▶ **DATA PROVIDED**:
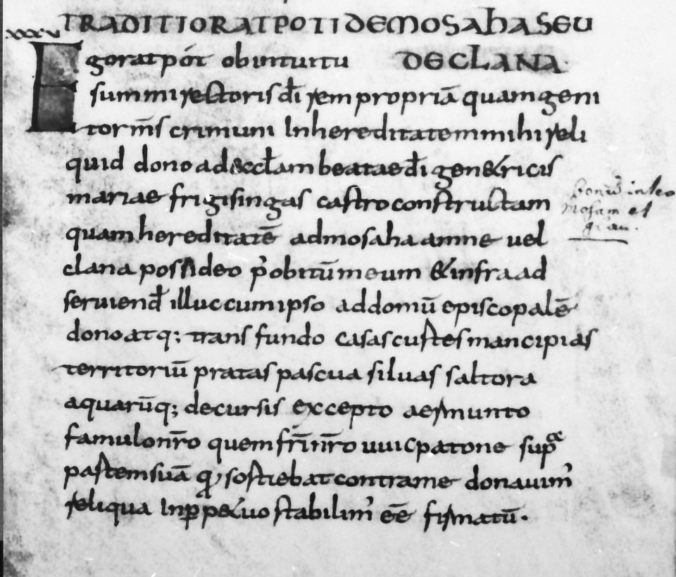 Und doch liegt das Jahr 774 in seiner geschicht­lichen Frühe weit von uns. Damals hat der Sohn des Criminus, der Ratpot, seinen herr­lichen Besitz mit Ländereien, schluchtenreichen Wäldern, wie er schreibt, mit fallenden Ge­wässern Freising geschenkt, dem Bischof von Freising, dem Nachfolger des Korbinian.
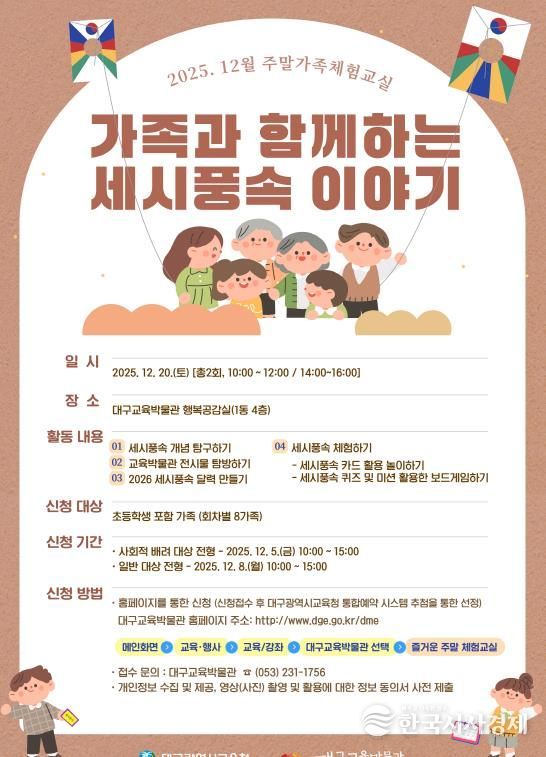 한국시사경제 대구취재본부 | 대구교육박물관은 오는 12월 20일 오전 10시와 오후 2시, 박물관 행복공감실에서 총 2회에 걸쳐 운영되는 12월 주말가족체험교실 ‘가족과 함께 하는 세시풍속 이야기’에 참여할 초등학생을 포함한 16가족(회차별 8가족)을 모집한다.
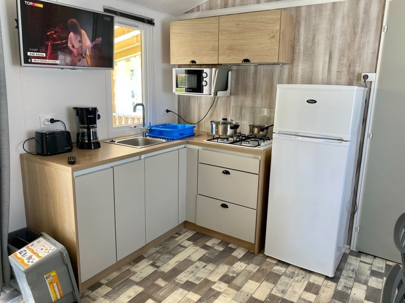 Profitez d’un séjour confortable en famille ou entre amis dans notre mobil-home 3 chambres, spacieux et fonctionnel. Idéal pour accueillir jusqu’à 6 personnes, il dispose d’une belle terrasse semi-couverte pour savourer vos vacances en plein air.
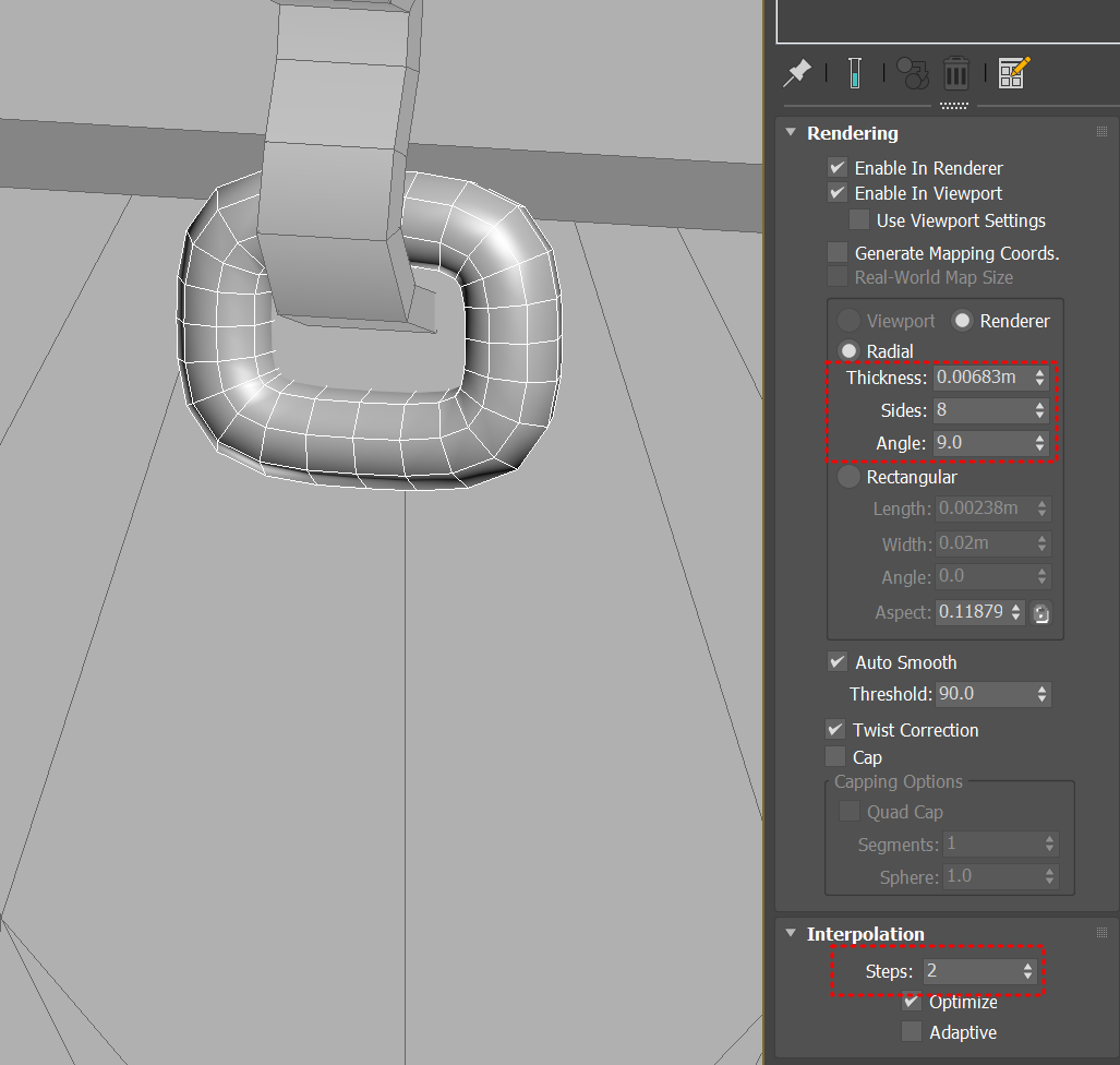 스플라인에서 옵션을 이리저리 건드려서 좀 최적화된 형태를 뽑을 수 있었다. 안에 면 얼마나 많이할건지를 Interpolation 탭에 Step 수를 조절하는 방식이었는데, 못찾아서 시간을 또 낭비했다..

▶ **WHAT YOU ARE ASKED TO DO**: Exactly the lines from the one containing "Profitez d’un séjour" through the last line of the data above should be output, both ends included, with every picture left out.

▶ **TASK RESPONSE**:
 Profitez d’un séjour confortable en famille ou entre amis dans notre mobil-home 3 chambres, spacieux et fonctionnel. Idéal pour accueillir jusqu’à 6 personnes, il dispose d’une belle terrasse semi-couverte pour savourer vos vacances en plein air.
 스플라인에서 옵션을 이리저리 건드려서 좀 최적화된 형태를 뽑을 수 있었다. 안에 면 얼마나 많이할건지를 Interpolation 탭에 Step 수를 조절하는 방식이었는데, 못찾아서 시간을 또 낭비했다..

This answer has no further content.